Lieutenant Columbo, Inspector Zenigata and Dirty Harry.
Just let those three names roll around in your head for a bit. They’re all really great characters aren’t they? Now imagine them all combined into one person, cell shaded and then put into a video game.
Now go change your underpants and come back to read about Jet Set Radio’s Captain Onishima.
I doubt that anyone reading this article wouldn’t know what Jet Set Radio is, so most will know that the game is based on ‘Tagging’ the city of Tokyo-to with your graffiti. As you may expect, the police don’t take too kindly to that kind of behaviour and you’ll need to dodge the police left and right to take over the city with your funky art.
His looks are classic police inspector from his Five O’clock shadow to the trench-coat; Onishima is old-school cop. The real kicker is his side-arm, shades of Clint Eastwood with the ridiculously powerful revolver always at hand.
The difference between those cops and Onishima though, Onishima isn’t doing this solely for the good of the city. The police force is in bed with the Rokkaku Corporation, a massive organised crime outfit that essentially runs the city, and apparently hates their city being tagged by no-good punks.
Luckily for Rokkaku, Captain Onishima hates graffiti gangs. A lot. In your first encounter he’ll be forgiving, he’s waiting with a pair of ’Keisatsu Bracelets’ (Hand-cuffs) for you, but if you manage to evade him then it’s time for some good old fashioned extreme police brutality.
If he sees you spraying your tag on a bus terminal, he’s going to deal with you personally… by shooting you with rubber bullets fired from a gun that could kill a damn elephant. He’s not messing about. When you intercept police radio chatter with Onishima, you know the shit is about to hit the fan, because he doesn’t do things by halves.
If you manage to avoid him at the terminals, don’t think he won’t follow your ass all over town. He comes back to deal with you personally a few times. Taking things up a notch, he’ll return with a full Riot Squad firing tear gas grenades to take you down, and if that doesn’t work he’ll be back again with the departments Doberman attack dogs. Each time he’ll also be running around with his hand-cannon taking shots at you. During these attacks, you can actually give some abuse back to him by skating into him to knock him down and spray painting your tag onto his back.

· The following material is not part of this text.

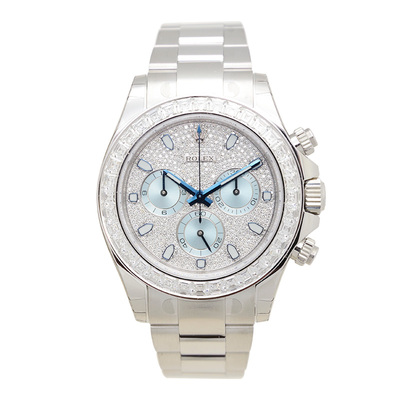 A luxury Rolex Cosmograph Daytona watch designated as model 116576TBR. Features a 40mm round case and bracelet crafted from 950 platinum, set with a diamond pave dial containing 36 baguette-cut diamonds. Includes blue-toned hour and minute hands along with index markers on the outer bezel ring which also displays 36 baguette-cut diamonds; minute markers are present around the outer rim of this bezel insert. Equipped with luminous applications for enhanced readability in low light conditions. The chronograph complication features three sub-dials (for seconds, minutes, hours) and an automatic movement. Secured by a screw-down crown and protected by a scratch-resistant sapphire crystal lens. Comes complete with a solid case back. Water resistant to 100 meters / 330 feet depth. Folding Oysterlock clasp ensures secure fastening. This analog men's luxury timepiece is Swiss Made.

[HEALTH AND SAFETY NOTICE: For the love of God, do not, under any circumstances ever try to spray-paint a man carrying a freakishly powerful hand-gun in real life. Just… don’t do it.]
If you still refuse to come in quietly, then Onishima realises that he has more important crimes to deal with and starts allocating more resources to investigating more serious matters.
Just kidding, he actually calls in helicopter gunships with side-winder missiles and Paratroopers (with orders to shoot to kill) to wipe you (and everything in a ten-meter radius of you) off the face of the earth forever. No kidding, he actually calls in the military and goes all DEFCON 5 on your butt, if that’s not a good deterrent for vandalism, nothing is.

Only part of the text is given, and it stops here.